Politics and Economy

By Cristian Parvulescu
Ziarul BURSA #English Section / 19 ianuarie 2004

A society that has been undergoing transition for an extended period, a society with an artificial and rather rusty political system, a society where the gap between the people and the politicians is deepening by the day may take advantage of electoral years to fine-tune or even reform its political system. Nevertheless, such undertaking would require that the society in question should have a truly autonomous economy that would be untouchable by political interference. Any analysis of politics - regardless of whether politics is seen is the source of decisions and the means by which decisions are implemented, or as a struggle for positions of importance - requires a paramount outlook over what is referred to as "power." When regarded as a relationship between individuals or groups of individuals, power means that one of the individuals or groups accepts - through persuasion or threat with the use of violence - the influence and decision of the other individual(s) or group(s). Since the relationship between politics and economy is inherently based on power, obviously the holder of the power can be either the economy or politics, depending on circumstances. However, the more powerful is the control that politics exerts over the economy, the more democracy is limited.

Being the political expression of the appearance of millions of small enterprises, democracy ensures the optimal environment for a market economy. Since the economy and politics are interdependent, disputes over the role they play start from the supposition of an asymmetrical relationship: either the economy influences politics (politics being in this case a consequence of economic factors) or politics dominates the economy and turns it into an annex. Politics and the economy have distinct objectives. While the economy concerns relations linked to the manner in which goods and services are marketed, politics is the arena of competition for decision-making positions. The permanent exchanges between the two can by synthesized in the bilateral, univocal relation money - power. Politics' dependence on financial resources that it can only secure from the economy has become a characteristic of the last few decades. The more ground political marketing - inspired by economic marketing - has gained in election campaigns, the most expensive the cost of political marketing has become. The perverse effect of this situation is the loss of confidence in and credibility of the traditional political players: the political parties. More strategy implies less democracy in this case.

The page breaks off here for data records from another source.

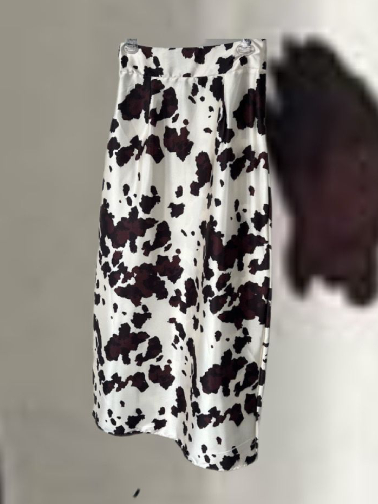 Composição: 100% Cetim Detalhes: Saia Cetim Comprimento longo Estampa vaca Zíper na lateral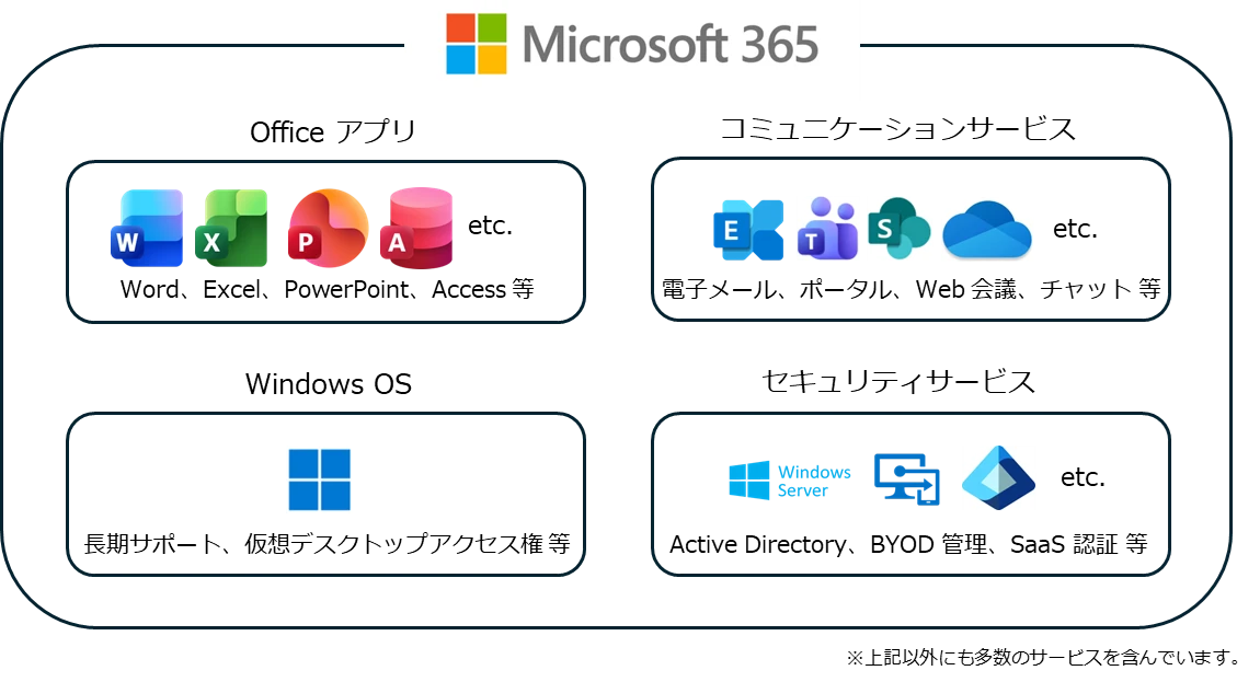 図:Microsoft 365 に含まれる主なサービス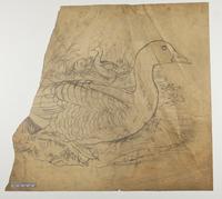Drawing depicting: Anser fabalis -- Bean Goose; oie des moissons. Alternate name on piece: Anser segetum [Bean-goose]
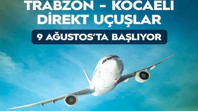 “Sıradaki Bilet: Trabzon-Kocaeli Seferleri. 9 Ağustos itibariyle Trabzon-Kocaeli direkt uçuşlarını başlatıyoruz. İlk sefer 9 Ağustos’ta;
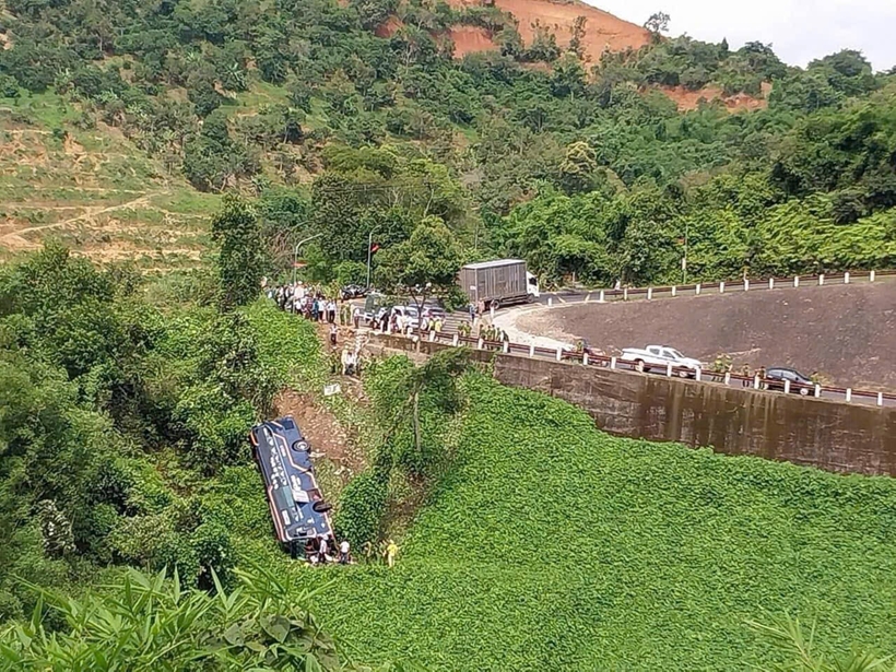 Khi đi đến Km183+800, quốc lộ 28, xe ô tô khách nói trên đã tự lật xuống phía bên ta-luy âm.

The idea that democracy is a luxury that only the rich country can afford used to dominate conservatism and can be traced even in today's Romania. However, if thoroughly dissected, this theory is as false as it is popular. Far from being a mere consequence of a rich economy, democracy itself is a production force. Starting from an underdeveloped basis comparable to the contemporary third world, the English economy's substantial development in the past centuries was closely linked to democratization and it advanced in sync with the advancement of democracy. As increasingly numerous enterprises were able to take part in both political and economic activities, England grew increasingly prosper. On the other hand, a recent example comes from South East Asia. The economic development those countries achieved in the "80s - "90s was not accompanied by real democratization. A make-believe democracy cannot be the foundation of a prosperous economy. Neither privatization nor restructuring will be enough as long as such measures are not implemented in a democratic society. Far from being a goal in itself, privatization, as well as restructuring, are tools that help fine-tune the real economy, just as Euro-Atlantic integration cannot be a political goal in itself, but means to achieve a higher purpose. The more the decision-ma-king process - regardless of whether it is about political or economic decisions - concentrates in fewer hands, the more harmful the situation will be to both politics and the economy. Conflicts between those able to make decisions, or those able to influence decision-makers on the one hand and those who cannot have their say on the other hand are the ingredients of public disputes. And without such disputes, neither politics nor the economy are able to function.